1:51:48 so yeah the naturalist view...he espouses uses the fairly new term supernatural as if that which generates the universe such as what various quantum theories suggest that space-time is emergent would imply that "naturalism" is discarding an aspect what is natural (within the assumption of the complete system.)
a thought on your thesis @1:35:00 or thereabout - flipping it to 'what do we lose' with modern 'understanding', thats the meaning crisis right? our understanding still has a ways to go and will change. I mean every week it seems the JWST challenges our understanding of the cosmos. what will future humans say about what we 'believed'. history, or 'modernity'/progress, is always going through a battle of integrating the past with the present right? i've watched PVK for a bit and you asked him many of the qs I've wanted to ask him. I understand where you are coming from Brendan, I feel all the same ways about ‘this little corner’. appreciate your contributions with this channel (and PVK too).
@@matthewparlato5626 interesting, I thought he was holding PVK’s feet to the fire so to speak as he tried to TLC his way out of scientific questions (We can’t ignore science) and I thought PVK held his feet to the fire as he tried to metamodern his way out of invoking spiritual language.

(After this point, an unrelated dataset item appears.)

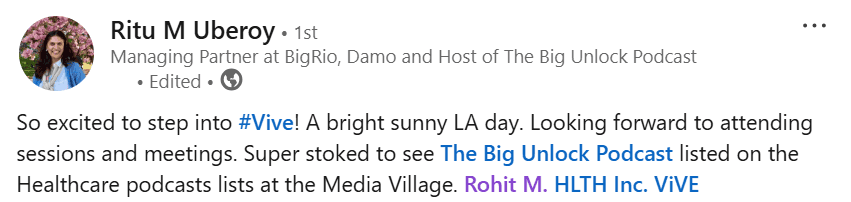 I’m also delighted to share that The Big Unlock Podcast continues to be featured in the ViVE Healthcare Podcast lists at the Media Village — a welcome acknowledgment of the meaningful dialogues we’ve been fostering with health system and industry leaders. Roaming the exhibit floor and seeing peers engage with the podcast’s themes — from workflow-first AI adoption to clinician-centric innovation — reminds me why we started this journey in the first place.

@teestrypzSOG interesting... I'd agree to an extent, PVK does appreciate science just properly nested and understands what it fails to do. And Dempsey shying away from how mysterious yet revealing the fundamental metaphorical/symbolic nature of our cognition is, imo was a poor presenting of Metamodernism. Metamodernism should understand where and why Sciencers are dying deaths of despair and PVK need not to emphasize his respect for Science, he's Reform pastor ! Lol just my 2 cents Honestly you're perfect for this because, a little JVs Extended(Transcendent)Naturalism would've gone a long way in this convo imo
Interesting. I actually reject the 'naturalistic fallacy' and think all is's contain oughts, and say so explicitly in my work elsewhere, so no smuggling per se, but that's an interesting observation. :)
Please talk to Jonathan Pageau next. Many of the topics you brought up are extremely relevant to his whole way of thinking. Jonathan actually embodies this pre-modern thinking in a way that is incredibly rare.
Thanks for the conversation. I like Paul, but his metaphysics is shallow and predictable. Blinded by a certain narrative tradition/institutional structure.
Actually, this first response was a poor choice of words, rather mean spirited. I think that Paul chooses to be a fundamentalist/literalist in biblical matters. He obviously learned the historical/critical methods in Seminary, but chooses to deny their validity and usefulness. That is his choice. Saying that they only give a pastor “therapy “ or “political “ tools which are “secular “ modes really does not reflect Jesus teachings and healing in his Galilean context. I learned all this through historical/critical biblical studies, and my faith is increased by this knowledge.
The oppressed cry for Relief 18:32 "gimme some resources to improve my lot" reflects more pleasantly than Paul's "they want capitalism!" mis¿take; tho My lot less significant than Our lot. 20:37 if we think about this "State‴ is a better frame than country. Thinking insularly how to ensure a single entity within the over all State achieve andor maintain primacy necessarily requires the fulfilment functionary of rivalrous dynamics, resulting ultimately always in subState selfs-terminations.